# hermie?



## BrotherBoneHead (May 13, 2015)

Female seeds. Found a few pistils but I see these too. ***? 

View attachment Screenshot_2015-05-13-16-57-29.jpg


View attachment Screenshot_2015-05-13-16-57-15.jpg


----------



## Grower13 (May 13, 2015)

LOOKS HERMIE TO ME........sorry for your loss......... what seeds are they?


----------



## Rosebud (May 13, 2015)

This is not a hermi, it is a male.  The feminized seeds lied to you.


----------



## BrotherBoneHead (May 13, 2015)

Cookies kush. Barneys. ...****! Should 1 chuck it.


----------



## Rosebud (May 13, 2015)

Unless you want to make seeds.


----------



## BrotherBoneHead (May 13, 2015)

When you have 2 plants and one shows this it's devastating. All that time. I need to look close at the other one. The one showing the balls was much bigger at fort than the second one. Fingers crossed for one.


----------



## BrotherBoneHead (May 13, 2015)

Same plant. 

View attachment Screenshot_2015-05-13-17-54-18.jpg


View attachment Screenshot_2015-05-13-17-54-01.jpg


----------



## Rosebud (May 13, 2015)

At least you caught it and nothing will be pollinated. It is a bummer, that is why some people don't use feminized seeds.  At least it wasn't a hermie, those are worse, imo. Sorry this happened.


----------



## BrotherBoneHead (May 13, 2015)

They are both the same. My entire grow is a waste. Since I have no way to obtain stable clones what am I supposed to do? Germ a bunch of seeds and flower them to sex and then reveg?


----------



## Grower13 (May 13, 2015)

BrotherBoneHead said:


> Same plant.


 

hermi


----------



## Rosebud (May 13, 2015)

Hermies are yellow bananas that form in later stages of flower. This is just a male.

I usually buy regular seeds, veg for 6-8 weeks until sexed then flip to flower.  Where did you get these seeds?


----------



## BrotherBoneHead (May 13, 2015)

Rosebud said:


> Hermies are yellow bananas that form in later stages of flower. This is just a male.
> 
> I usually buy regular seeds, veg for 6-8 weeks until sexed then flip to flower.  Where did you get these seeds?



Herbies. From barney farm packaging sealed. Are you sure they are males? Packaging says female...5 seeds.

I can't ved for 5-6;weeks. I have no space. I just threw 6 seeds in paper towels....I just wasted 5 weeks almost 6. Looks like both...my only 2 are showing balls.  I wanna cry.

Now how do I grow these and have enough room? 6 seeds...maybe they will all germ...26" tall scrog cab 19 x 23 wide.


----------



## Rosebud (May 13, 2015)

The first picture you showed is a male plant.  You started 6 seeds and only got 2 to pop? 
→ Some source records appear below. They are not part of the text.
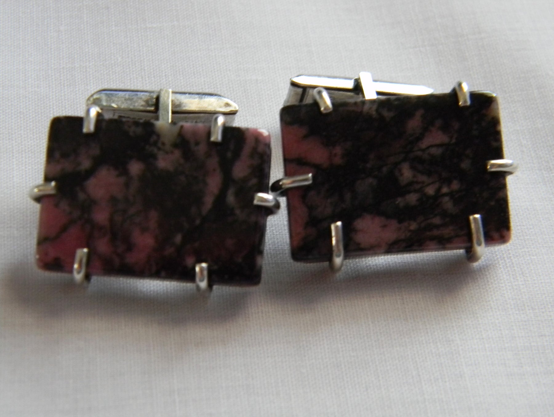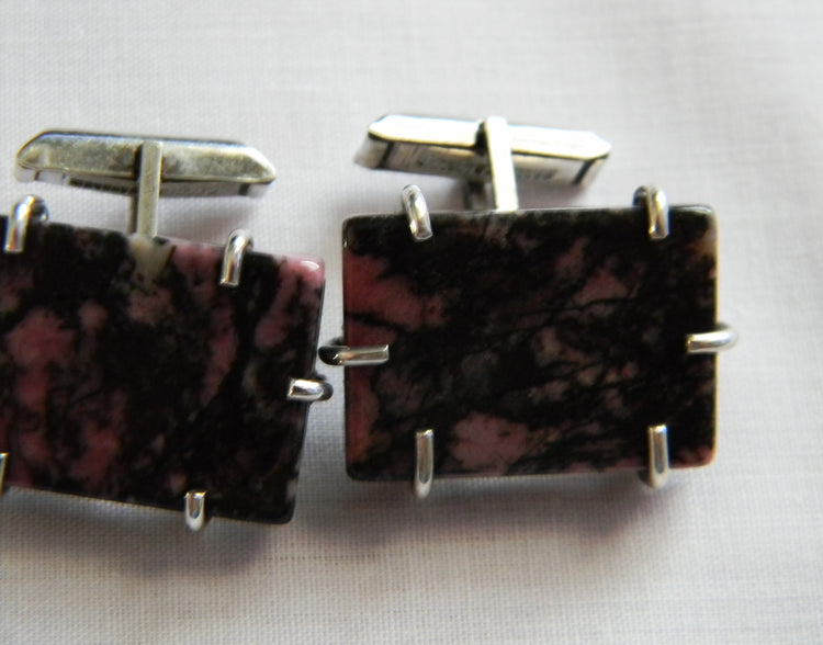 Nice Jez Originals marbled pink and black rhodonite sterling silver cufflinks.
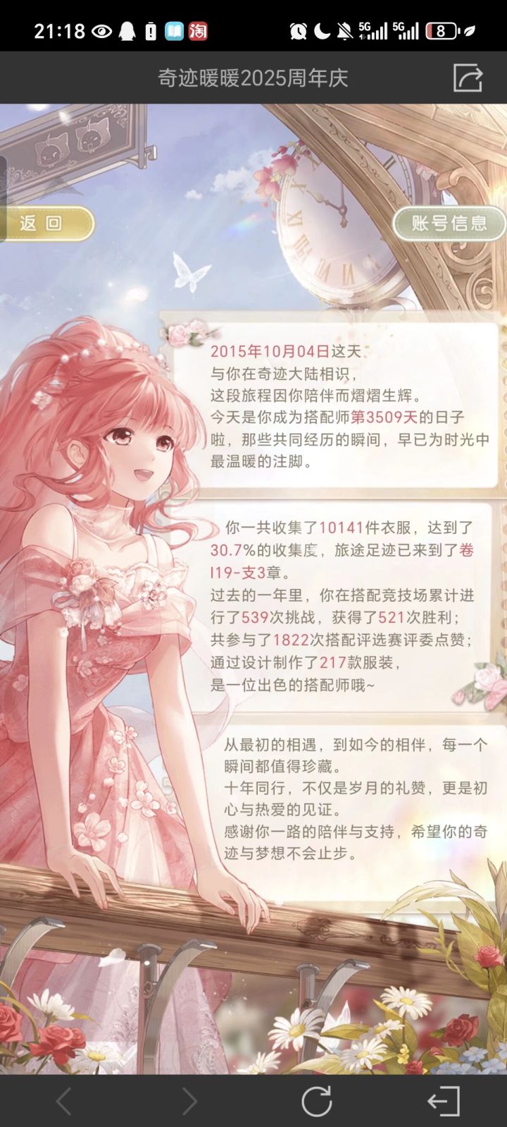 #奇暖十年奇迹之约 从初中开始玩,坚持了这么久回头看真的不敢相信,希望有一天暖暖更上一层楼,感谢游戏一直以来的陪伴
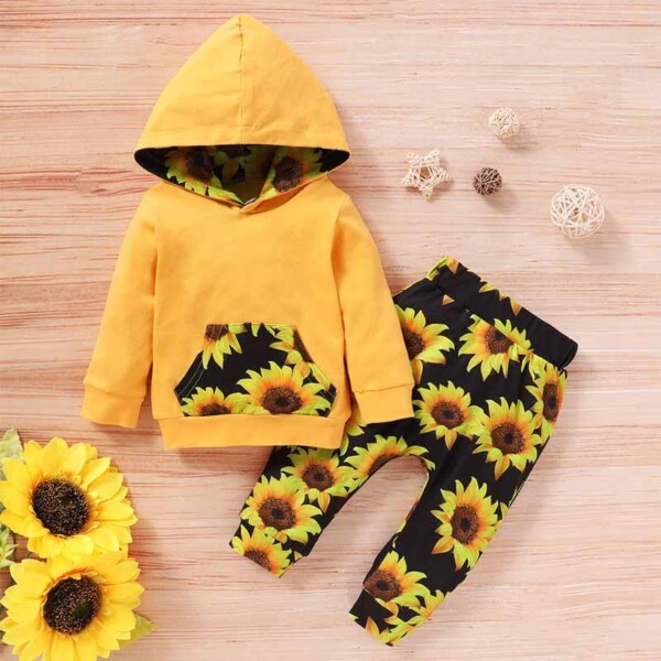 2-piece Sunflower Pattern Hoodie & Pants for Baby Girl
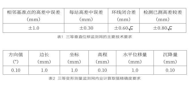 沉降觀測點(diǎn)設(shè)置于橫梁的頂面或塔柱的側(cè)面(共兩個(gè))。沉降測量采用精密水準(zhǔn)儀幾何水準(zhǔn)法和三角高程對(duì)向觀測法。按《工程測量規(guī)范》(GB 50026-2007)三等垂直位移變形測量進(jìn)行施測,三等垂直位移監(jiān)測網(wǎng)的主要技術(shù)要求見表1。三等變形測量監(jiān)測網(wǎng)內(nèi)業(yè)計(jì)算取值精確度要求見表2。

I am sorry this happened. It sucks, try again.


----------



## BrotherBoneHead (May 13, 2015)

No I started 3 seeds and 2 popped. These  2. I just threw 6 seeds in paper towels tonight after realizing I need to start over. I need help.


----------



## BrotherBoneHead (May 13, 2015)

How about the pictures I  post 7? 2 diff plants.


----------



## Grower13 (May 13, 2015)

how are you growing these plants?    What kind of medium and lights are you using? ....... something ain't right........ can you get a picture of whole plant?........ almost looks like some reveg going on.


----------



## 000StankDank000 (May 13, 2015)

It's a male ..... Where do you see female parts?
Just had it happen BBH got 3 males that I was sure were girls


----------



## Rosebud (May 13, 2015)

I agree Post #7 is male as well. 

Tell us about your grow? Do you have a thread somewhere?


----------



## ston-loc (May 13, 2015)

Also, just cause you flip the lights at 5 weeks, doesnt mean they're flowering. They still might not be sexually mature, and ready to flip.


----------



## BrotherBoneHead (May 14, 2015)

I took them out of the cab last night to get a better look at them. They got chucked.


----------



## RubyRed (May 14, 2015)

Rosebud said:


> Hermies are yellow bananas that form in later stages of flower. This is just a male.
> 
> I usually buy regular seeds, veg for 6-8 weeks until sexed then flip to flower.  Where did you get these seeds?



this is not correct

A hermie is a plant the displays both sex...this can happen anytime after they are sexually mature....I see both sexes on the pictures shown


----------



## Rosebud (May 14, 2015)

Sorry bbh, here's to the next batch of seeds and females.


----------



## The Hemp Goddess (May 14, 2015)

BrotherBoneHead said:


> They are both the same. My entire grow is a waste. Since I have no way to obtain stable clones what am I supposed to do? Germ a bunch of seeds and flower them to sex and then reveg?


 
I am a bit confused.  In post 7 you say it is the same plant, but now you are saying that the pics are of 2 different plants?  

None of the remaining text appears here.